**Your assignment**
What the task requires is an exact printout of the listing below, pictures excluded.

**Supplied data**
※
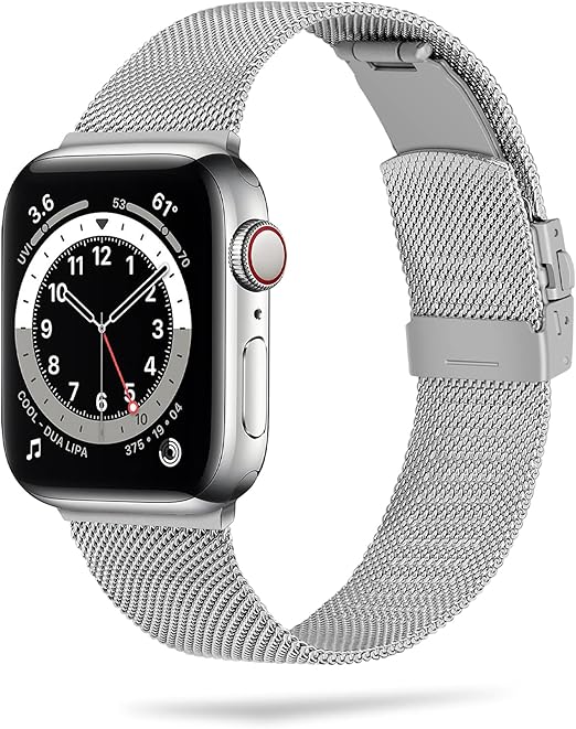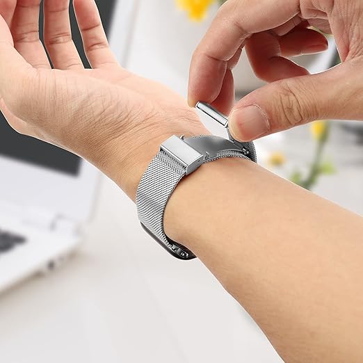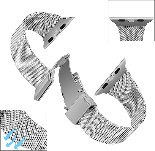 耐久性&通気性 --- 丈夫な折りたたみ式バックルを備えた耐久性のあるステンレス鋼金属製のバンドは、柔らかく通気性があり、耐摩耗性があり、色あせしにくいため、
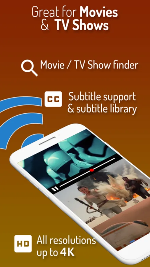 • HD resolution supported (1080p and up to 4K depending on the device)
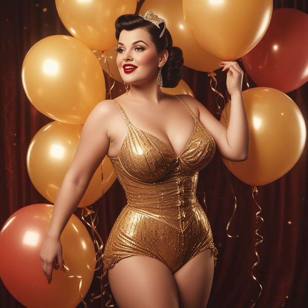 This image shows a plus-sized woman in a burlesque costume dancing with balloons. The retro illustration style evokes classic Hollywood glamour with a warm golden color scheme.
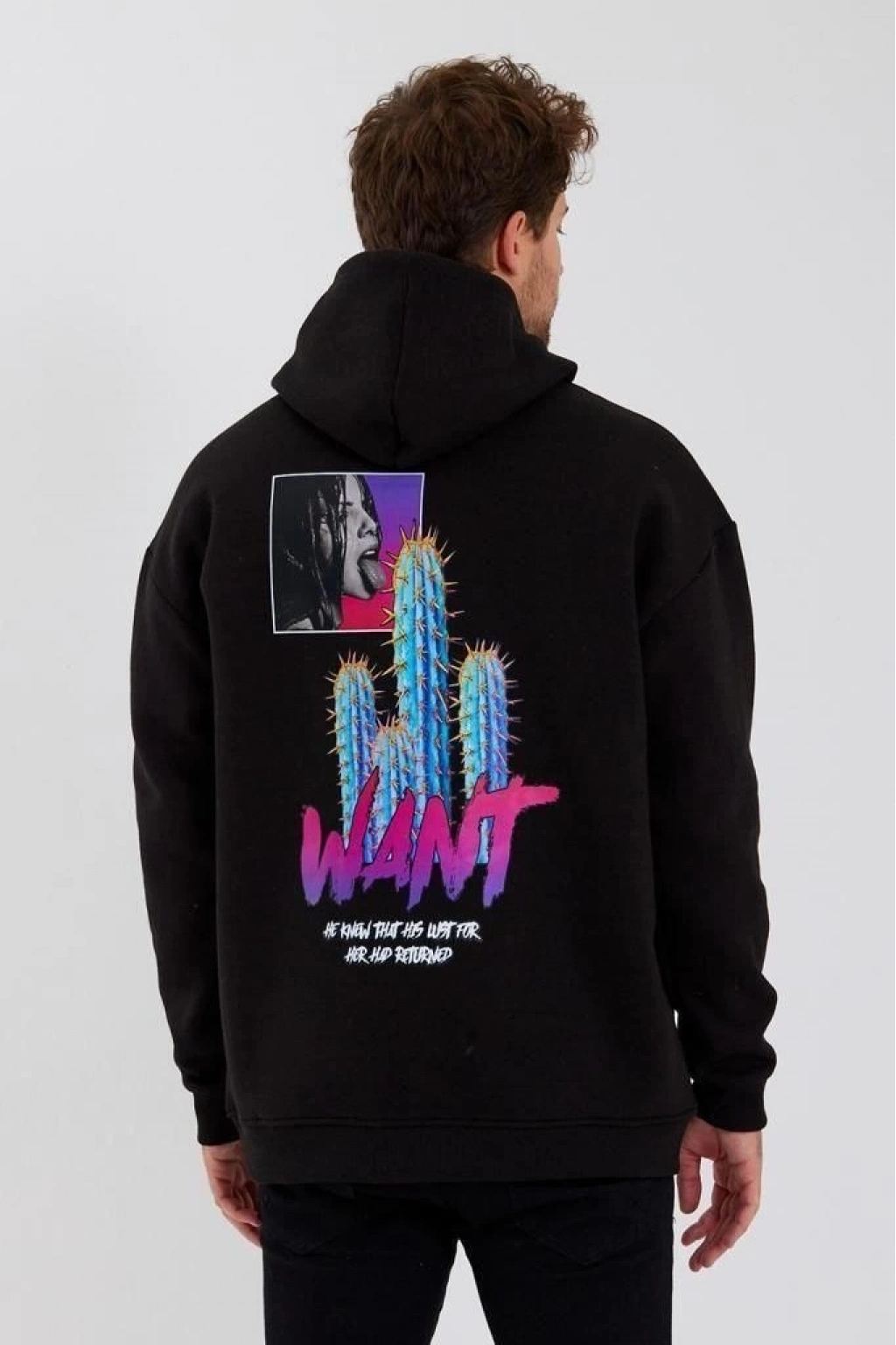 Baskılı Üç İplik Kapüşonlu Oversize Sweatshirt - Siyah -
※
**Task result**
 耐久性&通気性 --- 丈夫な折りたたみ式バックルを備えた耐久性のあるステンレス鋼金属製のバンドは、柔らかく通気性があり、耐摩耗性があり、色あせしにくいため、
 • HD resolution supported (1080p and up to 4K depending on the device)
 This image shows a plus-sized woman in a burlesque costume dancing with balloons. The retro illustration style evokes classic Hollywood glamour with a warm golden color scheme.
 Baskılı Üç İplik Kapüşonlu Oversize Sweatshirt - Siyah -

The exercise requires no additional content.